Beth Ross swapped the comforts of Sydney for one of the world’s war-torn countries, to help remind persecuted people they matter.
Visiting Iraq for a week recently, the young editor and writer travelled with local representatives of charity Open Doors. Rebuilding after years of civil war against Islamic State forces, Iraq is surrounded by ongoing conflict across its borders (notably Syria).
“Iraq was quite different to what I expected.” – Beth Ross
“Just you being over there to encourage them reminds them that they haven’t been forgotten by the rest of the world,” explains Beth about meeting Iraqi Christians in the country’s north.
“At the same time, we got so much just from meeting with those believers. Our faith was shaken and changed and deepened, just by sitting with people who were willing to risk everything for Jesus. It reminds you that you are serving a very real God.”
Beth files stories and produces podcasts for Open Doors. But this was her first trip to the front line of what it and other Christian charities enable – practical and prayerful support of persecuted Christians around the world. Despite Christians not being able to publicly identify in Iraq, the country used to have about 1.5 million Christians. That number is estimated to have plummeted to about 300,00, after years of Christians being killed or forced to flee under threat by ISIS (or the earlier threat from Islamic jihadist group al-Qaeda).
Having formed an impression of Iraq by watching from afar, Beth was amazed by the reality. “Iraq was quite different to what I expected,” reports Beth. “We see the Iraq that the media puts forward and every part of it is a war zone and it’s in constant chaos. When I got there and met people who were going about life as normal, I was quite surprised.

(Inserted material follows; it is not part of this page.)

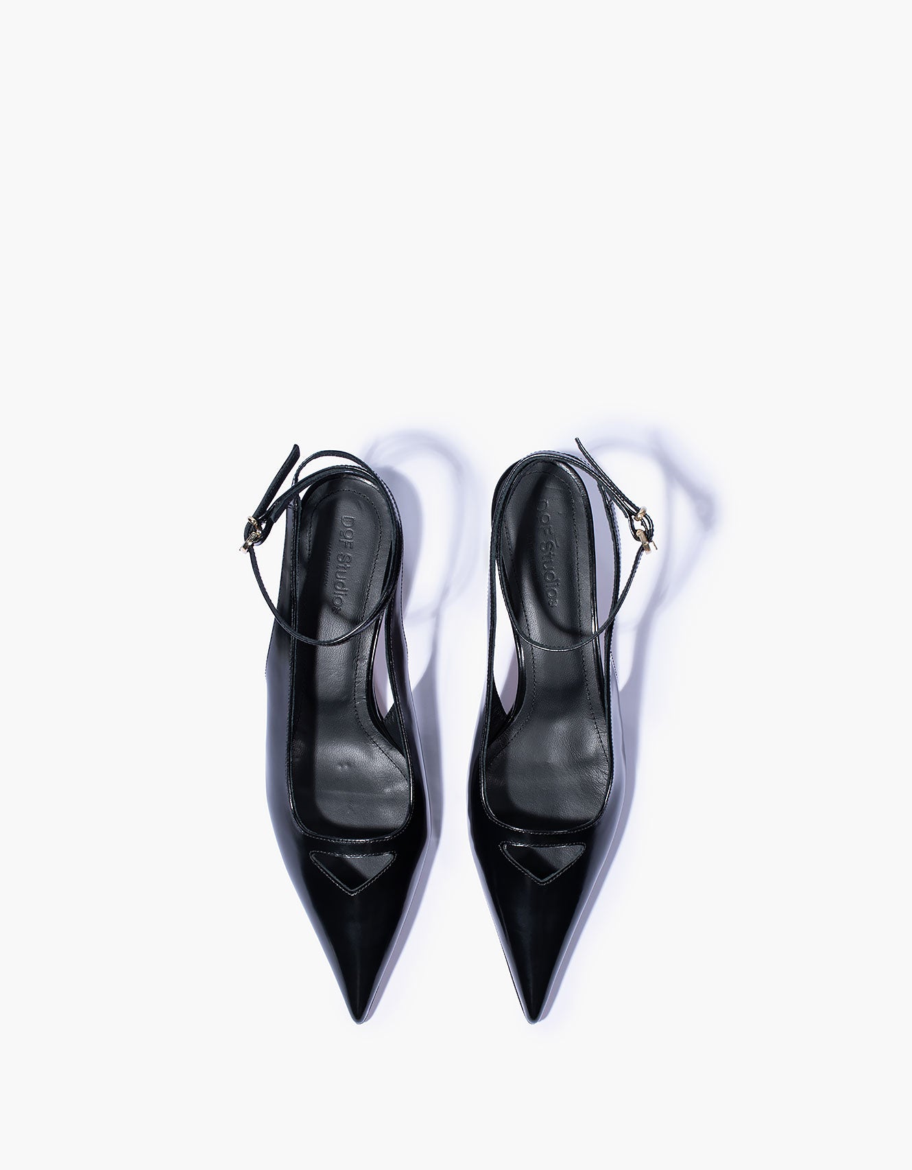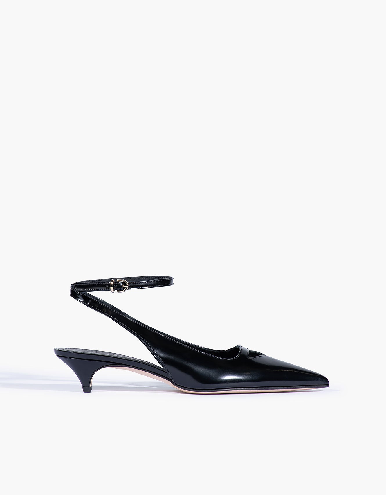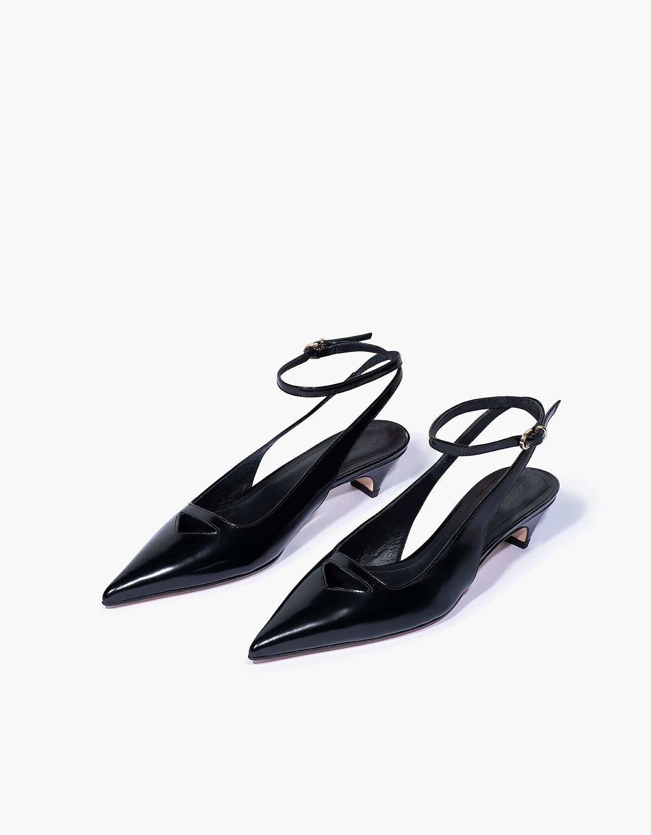 A study in restraint and elegance, the Jil Slingback Heel is crafted in high-shine leather with a sleek pointed toe and delicate ankle strap. The low, sculptural kitten heel offers ease without compromising sophistication. Made in Italy from LWG certified leathers.

“One minute, we’d be driving along and there’d be tanks and things like that off in the distance, and we’d be reminded that this is an actual war zone. And the next moment, we’re sitting down drinking chai tea in a café with people and it’s like nothing is going on at all. We felt like Iraq is a tale of two countries.”
However, Beth says every Christian she met had been affected by Iraq’s recent turbulent history, including US opposition to former president Saddam Hussein and battling al-Qaeda and ISIS.
“For most of them, the only thing they said they were still hanging on to is Jesus.” – Beth Ross
Spending most of her time in northern Iraq, Beth got about 20 kilometres from major city Mosul. Liberated last year from ISIS control, Mosul locals still fear sleeper cells. Such ongoing effects of war are the fabric of everyday life in Iraq, a nation where converting from Islam to Christianity is illegal. All Iraqi Christians share a common experience with struggle – and turning to Jesus for sustenance.
“People would start sharing their story and it would turn out that they were IDPs (Internally Dispossessed Person) who had fled from Mosul. Their brother had been killed by al-Qaeda or their house had been attacked or church burned down. Things like that,” she says.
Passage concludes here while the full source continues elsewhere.